Scoop out the seeds and "guts" of the pumpkin. Save seeds to roast or discard.
Break eggs into a large mixing bowl. Using a fork or whisk, beat by hand until fluffy, about 1 minute.
Add the coconut milk, vanilla, and half the sugar. Beat again for 1 minute, or until well mixed.
Add remaining sugar, stirring to dissolve into the egg mixture. Note: This may seem like too much sugar, but the custard does need to be sweet in order to compensate for the slightly bitter taste of the pumpkin.
Pour or ladle the egg mixture into the pumpkin. If you spill some on the outside of the pumpkin, wipe it away with a cloth. Fill to about 1/2 inch from the top of the rim. The egg mixture will rise a little out of the opening.
Set the pumpkin and the lid beside it in a roasting pan. Pour a little water (1/4 to 1/2 inch) into the bottom of the pan. Carefully place in oven. Bake 1 hour and 30 minutes.
After 45 minutes, the lid should be soft and cooked. Remove from oven and set aside.
After an hour, you should see the custard rising like a bubble out of the pumpkin. After 90 minutes, or when the custard appears firm, try inserting a long cake tester down into the custard—it should come out clean. If the custard hasn't set, or if the pumpkin/squash is still too firm to eat, return to oven and bake another 15 minutes.
Remove from oven and allow to cool at least 30 minutes.
Using your hands, lift the pumpkin out and place on a plate.
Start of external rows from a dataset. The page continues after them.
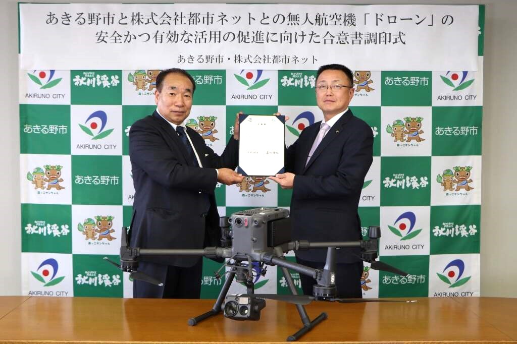 NEWS新着情報 あきる野市と「ドローン」の活用促進に関する合意書を締結しました 2024.01.29 1月22日(月曜日)、東京都あきる野市と、無人航空機「ドローン」の安全かつ有効な活用の促進に向けた合意書調印式が実施されました。 今後は、安全な飛行のための研修や普及活動、公共施設の調査・検査などにおいてドローンの活用を進めてまいりします。 詳細についてはこちら あきる野市 ホームページはこちら
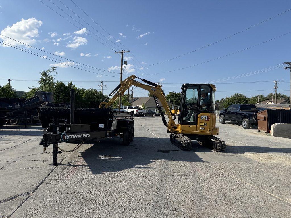 CAT 302.7 mini excavator paired with a dump trailer for a complete dig and haul setup. This combo allows you to dig, load, and remove material efficiently without needing multiple rentals.
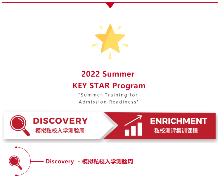 我们非常理解家庭在首次面对私校测评时的迷茫,为了帮助家长们准确掌握孩子目前能力水平,充分了解私校对学生的关键考察点,从而最大化利用剩余的时光做好针对性的准备,KEY特别设计了 Summer STAR Progam, 包含Discovery 与 Enrichment 两个环节。
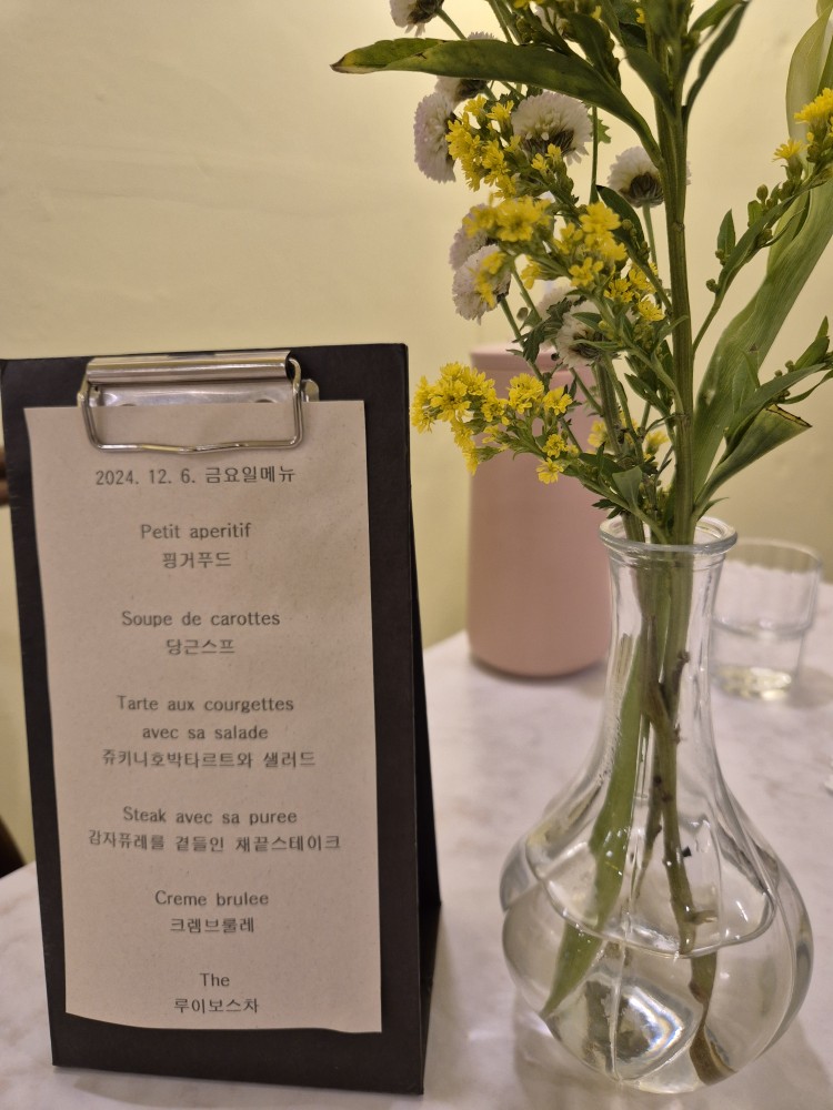 단품은 예약 없이 방문해서 먹을 수 있으나 가정식 코스는 최소 하루 전에 예약을 해야 합니다. 단품(가지라자냐, 아쉬파르망티에, 오늘의 수프)은 몇 가지 먹어보았습니다. 단품이 만족스러웠기 때문에 이번에는 3만 원 프랑스 가정식 코스를 먹어보았습니다. 예약을 했기 때문에 이미 테이블 세팅이 되어 있었고 메뉴도 함께 안내가 되어 있었습니다.
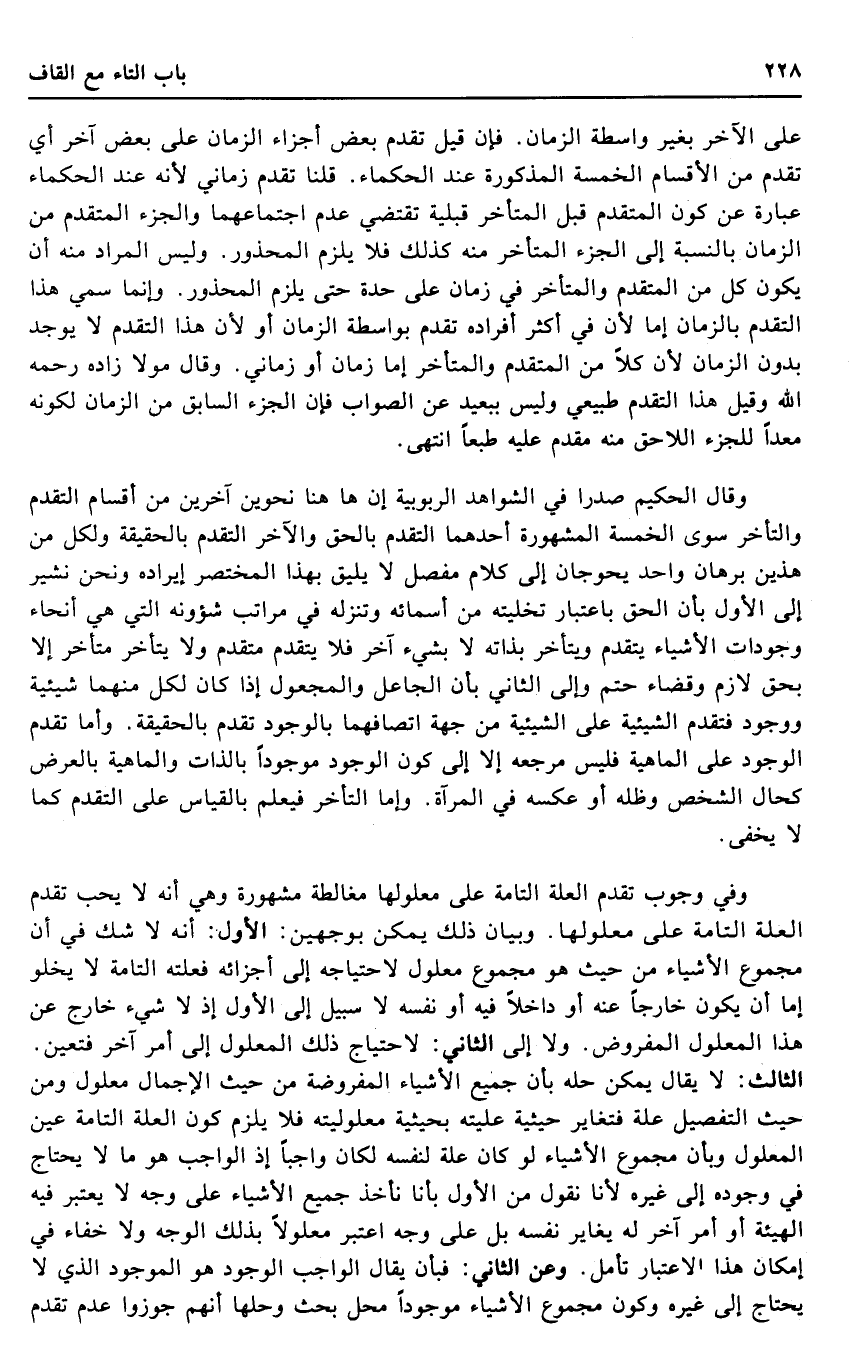 على الآخر بِغَيْر وَاسِطَة الزَّمَان. فَإِن قيل تقدم بعض أَجزَاء الزَّمَان على بعض آخر أَي تقدم من الْأَقْسَام الْخَمْسَة الْمَذْكُورَة عِنْد الْحُكَمَاء. قُلْنَا تقدم زماني لِأَنَّهُ عِنْد الْحُكَمَاء عبارَة عَن كَون الْمُتَقَدّم قبل الْمُتَأَخر قبلية تَقْتَضِي عدم اجْتِمَاعهمَا والجزء الْمُتَقَدّم من الزَّمَان بِالنِّسْبَةِ إِلَى الْجُزْء الْمُتَأَخر مِنْهُ كَذَلِك فَلَا يلْزم الْمَحْذُور. وَلَيْسَ المُرَاد مِنْهُ أَن يكون كل من الْمُتَقَدّم والمتأخر فِي زمَان على حِدة حَتَّى يلْزم الْمَحْذُور. وَإِنَّمَا سمي هَذَا التَّقَدُّم بِالزَّمَانِ إِمَّا لِأَن فِي أَكثر أَفْرَاده تقدم بِوَاسِطَة الزَّمَان أَو لِأَن هَذَا التَّقَدُّم لَا يُوجد بِدُونِ الزَّمَان لِأَن كلا من الْمُتَقَدّم والمتأخر إِمَّا زمَان أَو زماني. وَقَالَ مولا زَاده رَحمَه الله وَقيل هَذَا التَّقَدُّم طبيعي وَلَيْسَ بِبَعِيد عَن الصَّوَاب فَإِن الْجُزْء السَّابِق من الزَّمَان لكَونه معدا للجزء اللَّاحِق مِنْهُ مقدم عَلَيْهِ طبعا انْتهى.

The pumpkin can be sliced and eaten when cool enough. Note: The custard may "drop" a little—this is normal.
To serve, replace the lid of the pumpkin, or set it slightly askew so you can see the custard. Using a sharp serrated knife, cut the pumpkin into slices and place them on serving plates (it is especially nice served warm). Pour a little maple syrup over each piece. If desired, you can also pour over a little brandy or other favorite liqueur. Another nice topping favorite of mine is caramel sauce.